In my 20’s, I discovered Buckminster Fuller. He had a profound effect on me, partly because he was modeling the universe the same way I was but had taken it further. His focus was different but he had found the same principles.

One of the things Bucky recommended was to make your life an experiment and thus to document your process. I began journaling then, recording current states, progress, roadblocks, and so forth. This lead to writing as well, although my early writing got me in trouble, so I shelved it for many years.

In a discussion over on another post, Ben spoke of the challenge of finding words to describe one’s experience. In some ways, finding the words brings us another level of clarity and acceptance, in the mind. That can be why reading others process can bring clarity.

A number of spiritual teachers talk about the value of inquiry. In his recent book, The End of Your World, Adyashanti talks of his personal practice of inquiry.

He describes the tendency of thoughts to stick, like velcro. He also observes what he calls “spiritual bypassing“, the tendency to dismiss thoughts and thus miss the moment of reidentification.

He began the process before waking and continued on through, clearing the points as they arose. If he noticed some identification arising, he would go to a coffee shop with a pad of paper and write about it. Write about the thought, what the feeling was behind it, and step through it. Of course you want to follow the feelings. Otherwise it’s just a mental exercise that can be self-justifying. This can lead to understanding but nothing is cleared.

He also talked about considering what the belief was that lead to the thought. Again, he follows the feelings. He asks “How does this feeling see the world?” He found that “each thought and feeling contained a world in and of itself, a whole belief structure.” In being seen, this will crumble. He goes on to describe how to tell if the structure has been released.

Of course, writing is not necessary in this process but it can be useful to try.

What I’ve found is that just noticing the feelings will flag me of an issue that’s active.

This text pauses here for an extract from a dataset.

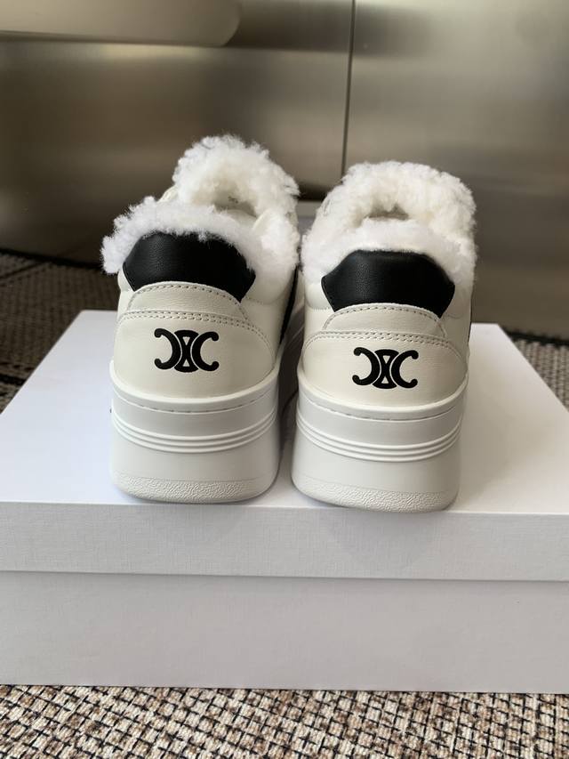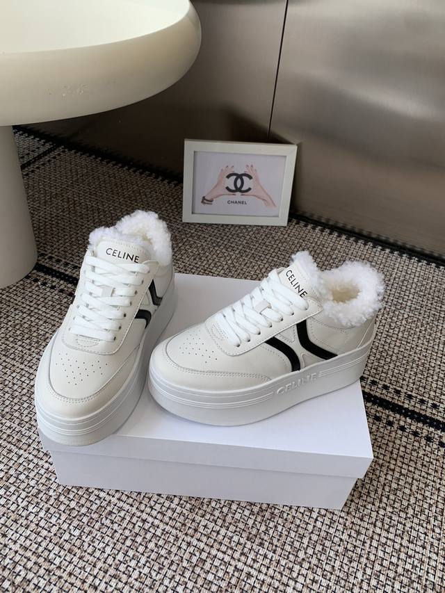 Celine 赛琳 25Ss新款 厚底羊毛里休闲鞋小白鞋 DDD 简单舒服 干净利落 增高显腿细 无论是单穿还是搭配阔腿裤高街又复古 一起来做Celine女孩 DDD 鞋面进口头层小牛皮 DDD 内里进口羊毛 DDD 原版1:1开模大底 DDD 码数:35-40 40定做 DDD

I notice the mind is thinking about a subject but has a resistance with it, a certainty in the internal statement or a negative tone. By certainty in the statement, I mean absolute words like “always”, “never”, and “only”. These exaggerations are the signposts of drama. But it’s the emotional tone that’s easiest to notice.

I tend to journal after the process, recording what occurred. But I have had places where I wrote through the process, where the writing was the process. Indeed, the  process of writing a book awhile back was intimately connected with the opening that was taking place. As the book came together, so did the next awakening.

I’ve also used drawings or flow charts. If you are so inclined, you might find drawing better suits you. Sketches of the drama and the players and the feelings. A drawing of the experience. Don’t be surprised if it’s much like childhood drawings. A lot of our holding began then.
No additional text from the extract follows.